Brasil
Trump brasileiro e bispo da IURD ganham São Paulo e Rio
Partido dos Trabalhadores, de Dilma Rousseff e Lula da Silva, perdeu 60% dos prefeitos nas municipais deste domingo
É
empresário, é milionário, pinta o cabelo e apresentou o reality show O
Aprendiz. Não se pode deixar de pensar em Donald Trump quando se fala de
João Doria, o novo prefeito de São Paulo, que ganhou, pela primeira vez
na história, na primeira volta a eleição na cidade nas municipais de
domingo no Brasil, sustentado no discurso "eu não sou político, sou um
gestor". Na segunda cidade do país, o Rio de Janeiro, o vencedor da
primeira volta foi o bispo da Igreja Universal (IURD) Marcelo Crivella,
que vai defrontar dentro de 26 dias o candidato da extrema-esquerda
Marcelo Freixo. O PT, dos ex-presidentes Dilma Rousseff e Lula da Silva,
perdeu as eleições.
Doria, que
declarou uma fortuna de 200 milhões de reais (cerca de 55 milhões de
euros), lidera uma influente organização de empresários, um grupo de
comunicação e uma editora, que publica, entre outras, a revista Caviar
Lifestyle, além de, em 2010 e 2011, ter apresentado na TV Record a
versão brasileira de The Apprentice, que popularizou Trump. A vitória da
sua candidatura é, sobretudo, a vitória de Geraldo Alckmin, governador
do estado de São Paulo e pré-candidato à presidência em 2018 pelo PSDB,
que apostou nele contra a vontade de Fernando Henrique Cardoso e de José
Serra, barões do partido na cidade, consciente de que, numa fase em que
a população paulistana (e brasileira) rejeita os políticos
profissionais, um homem fora do sistema funcionaria - Doria obteve uns
notáveis 53%, número em que Alckmin espera surfar rumo ao Planalto.
Mas
Doria, que repetiu sem parar o lema "sou um empresário", é acusado
pelos rivais de ser tão político quanto eles. "Faz alianças, faz
orçamentos, logo é político", disse em entrevista ao DN Fernando Haddad
(PT), prefeito cessante que acabou num inútil segundo lugar.
"Não
faltaram vozes no interior do PSDB a profetizar que Alckmin ficara
maluco ao escolher um político desconhecido e difícil de fazer aceitar
na periferia por ser coxinha (equivalente a betinho, em Portugal),
escreveu a colunista do jornal O Estado de S. Paulo Vera Magalhães. "Mas
o "não sou político" de Doria colou: foi o mais votado em 56 das 58
zonas eleitorais", notou o especialista em sondagens José Roberto de
Toledo.
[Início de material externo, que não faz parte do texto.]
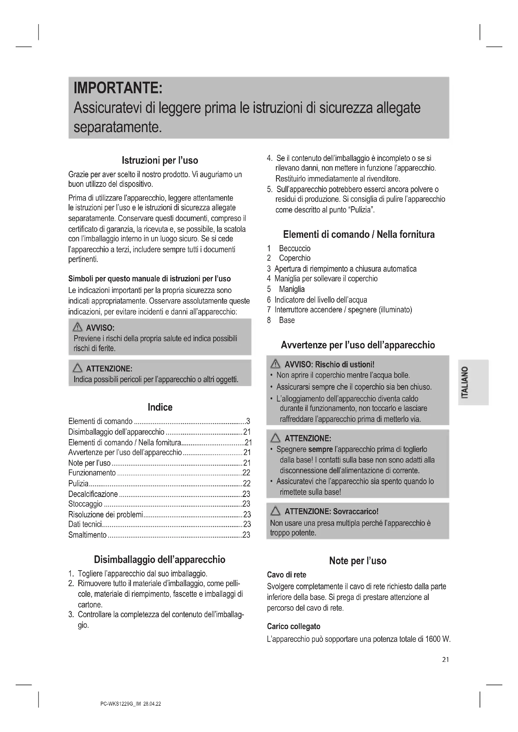 - Assicuratevi che l’apparecchio sia spento quando lo rimettete sulla base! ATTENZIONE: Sovraccarico! Non usare una presa multipla perché l’apparecchio è troppo potente. Note per l’uso Cavo di rete Svolgere completamente il cavo di rete richiesto dalla parte inferiore della base. Si prega di prestare attenzione al percorso del cavo di rete. Carico collegato L’apparecchio può sopportare una potenza totale di 1600 W.PC-WKS1229G_IM 28.04.22
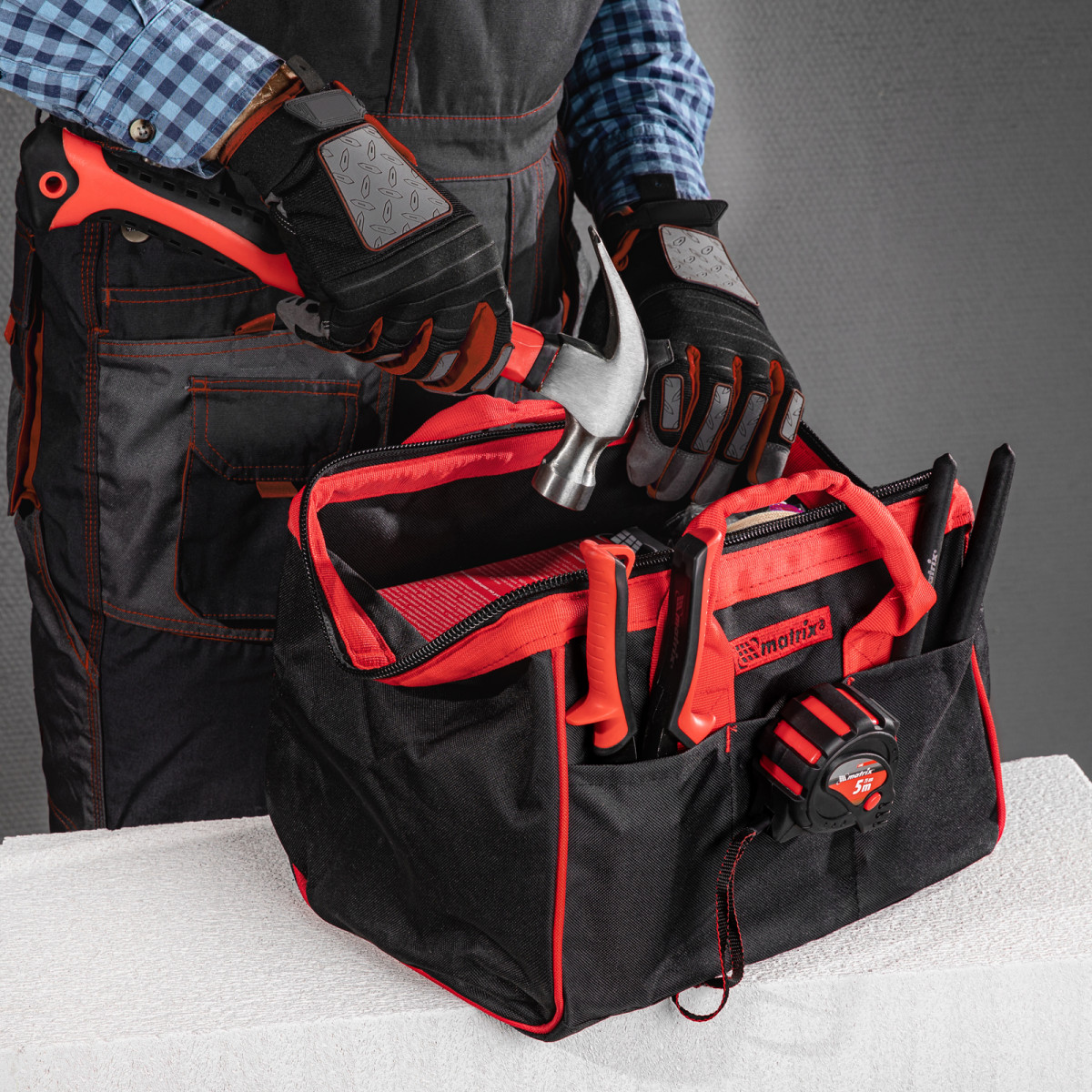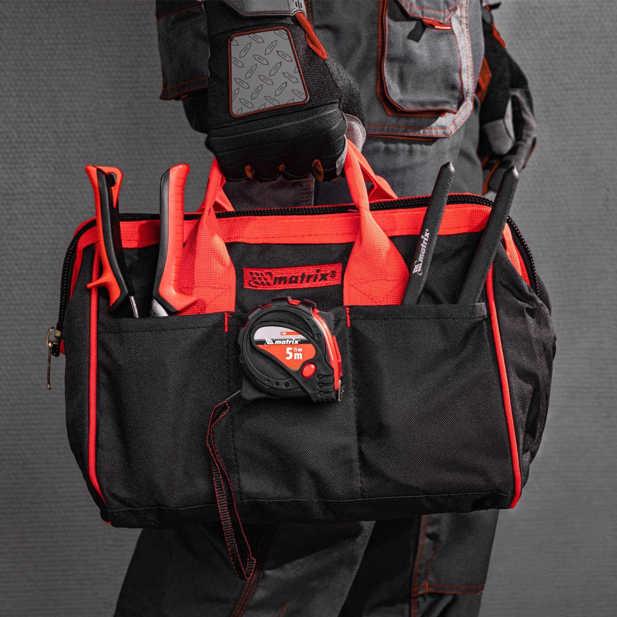 Износостойкий полиэстер обеспечивает долговечность сумки для инструментов Matrix.
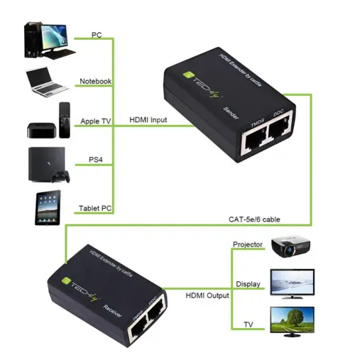 HDMI Ekstender preko UTP Cat5e/6 RJ45 uvijenog parnog kabela do 30m, TECHLY, 8057685301153 (preko UTP Cat5e/6, RJ45, doseg do 30m)
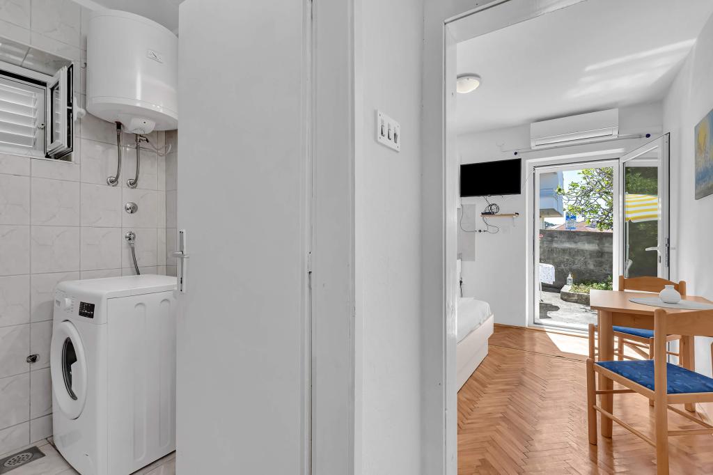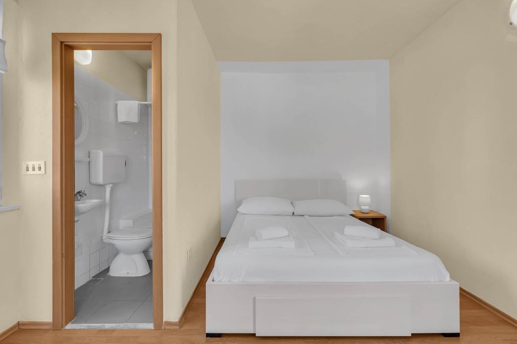 Dom z 4 apartamentami typu studio. Położony blisko wszystkich głównych udogodnień, głównego placu 300 m, rynku 300 m, plaży 700 m, głównej promenady (riva 350m).
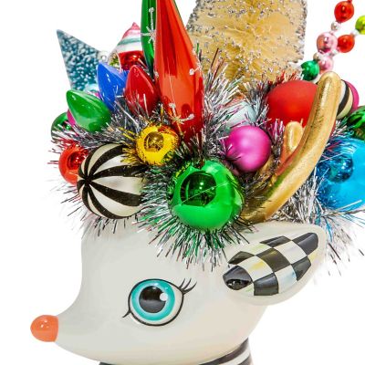 Dolomite ceramic. Tinsel, Sisal Trees, plastic ornaments and baubles. Ribbon. Pieces may vary due to the handmade nature of each product. Imported.

No Rio, Marcelo Crivella, cantor gospel, bispo da IURD e
militante do Partido Republicano Brasileiro (PRB), braço político dos
evangélicos, vai defrontar Marcelo Freixo, do trotskista PSOL, deixando
para trás os candidatos apoiados pelos gigantes PSDB e PT e, mais
importante, o concorrente do Partido do Movimento da Democracia
Brasileira (PMDB), de Michel Temer, que vinha gerindo a cidade e o
estado do Rio.
Num total de quase seis
mil municípios, no entanto, o PMDB continua a ser a principal força
autárquica com 951 prefeituras, mais do que as 758 do PSDB e muitas mais
do que as 204 do PT, ultrapassado por seis partidos na eleição de
ontem, embora estes números estejam sujeitos a alterações após as
segundas voltas. "Quanto mais ódio se estimula contra mim, mais amor se
cria a meu favor", disse Lula, ao votar, perto de São Paulo. Ainda em
São Paulo, Michel Temer antecipou-se aos repórteres e votou quase
incógnito. Em Porto Alegre, a votação de Dilma foi marcada por tumultos.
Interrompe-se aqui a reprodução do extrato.